Look around at your neighbors’ faces. What do these faces imply?

A face is also what we define as distinctive about our understanding of God. When our Greek forebears in the faith began to speak of God as trinity, and note that the Trinity has three persons, they used a word – πρόσωπον – that means both person and face. We say that human beings are made in the image of God, that they bear, in some way, the face of God. We say that Jesus is the human face of God. We speak of meeting God face to face – at the end of life or the last judgment, but also in the sense of turning toward the divine, or in recognizing the presence of God in creation, in Jesus our brother, or in the spirit who continues to inspire us.

In some real sense we cannot meet God except by facing and turning toward the divine with that relational part of ourselves that engages another person. We cannot love our neighbors without facing toward them, without recognizing the image of God in their being. Nor can we love ourselves without seeing God’s beloved reflected in the mirror.
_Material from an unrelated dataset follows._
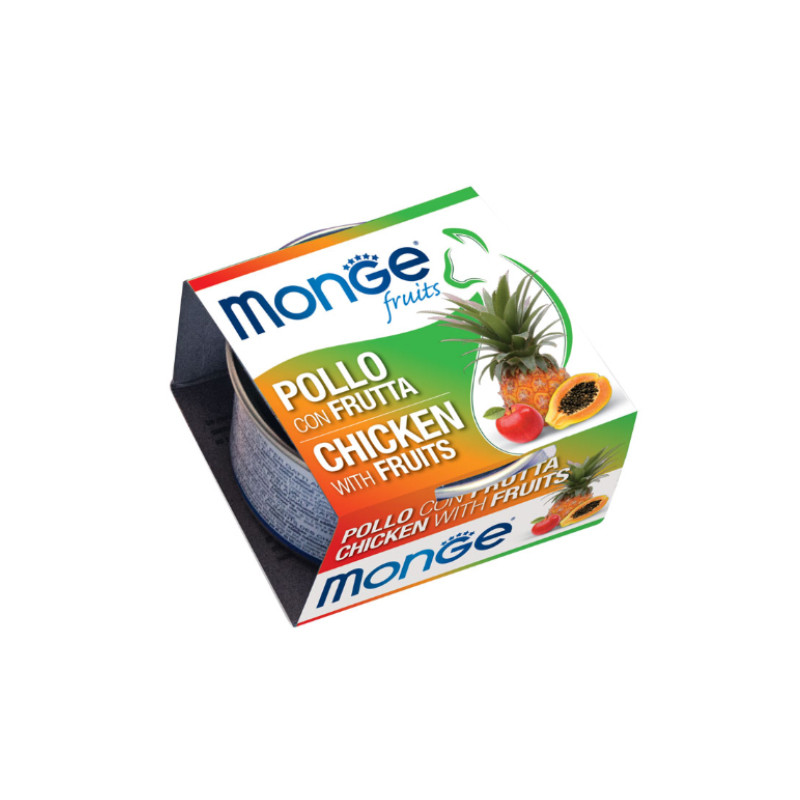 کنسرو غذای گربه بالغ مونژ مدل Monge Fruits طعم مرغ، آناناس، سیب و پاپایا وزن 80 گرم

We need faces in order to build relationships. We have to recognize something familiar in order to start relationships, which is why babies and their parents spend so much time looking at each other. Babies begin to trust that this mother or father face will provide food and comfort and incarnate love, and those babies can only thrive when there is some predictability to the faces around them.

We learn to love through trusting a face, and in the process of maturing, our own faces become trustworthy. That is a great part of what it means to grow up into the full stature of Christ – to become a predictable and faithful representation of the loving face of God.

When a face changes, we don’t always recognize it easily. I saw a face across the room recently, thought I recognized it, but I wasn’t sure that it was my friend from 20 years ago until he came closer – he’d changed a lot. Something like that is going on with the disciples in today’s gospel. This encounter comes after Mary Magdalene and the other Mary meet and recognize Jesus at the tomb. He instructs them to tell the others to go to Galilee and meet him there. They do go, but when they see Jesus they don’t all recognize him. His face has changed in some way. Some worship him, and some aren’t sure who this is. But he tells them to go and teach the whole world about what he has taught them.

What would we teach? What does the trustworthy face of Jesus convey to us? Perhaps, “You are my friends; love each other as I have loved you. By this everyone will know that you are my disciples, if you have love for one another” or as Matthew’s gospel puts it, “Lord, when was it that we saw you hungry and gave you food, or thirsty and gave you something to drink? And when was it that we saw you a stranger and welcomed you, or naked and gave you clothing? And when was it that we saw you sick or in prison and visited you?” And the king will answer them, “Truly I tell you, just as you did it to one of the least of these who are members of my family, you did it to me.”

What does the trustworthy face of God look like, particularly in those who bear God’s image on their own faces? The world yearns for faces that can be trusted, faces that bear a message of beloved welcome, that send news of solidarity, even in the midst of trouble.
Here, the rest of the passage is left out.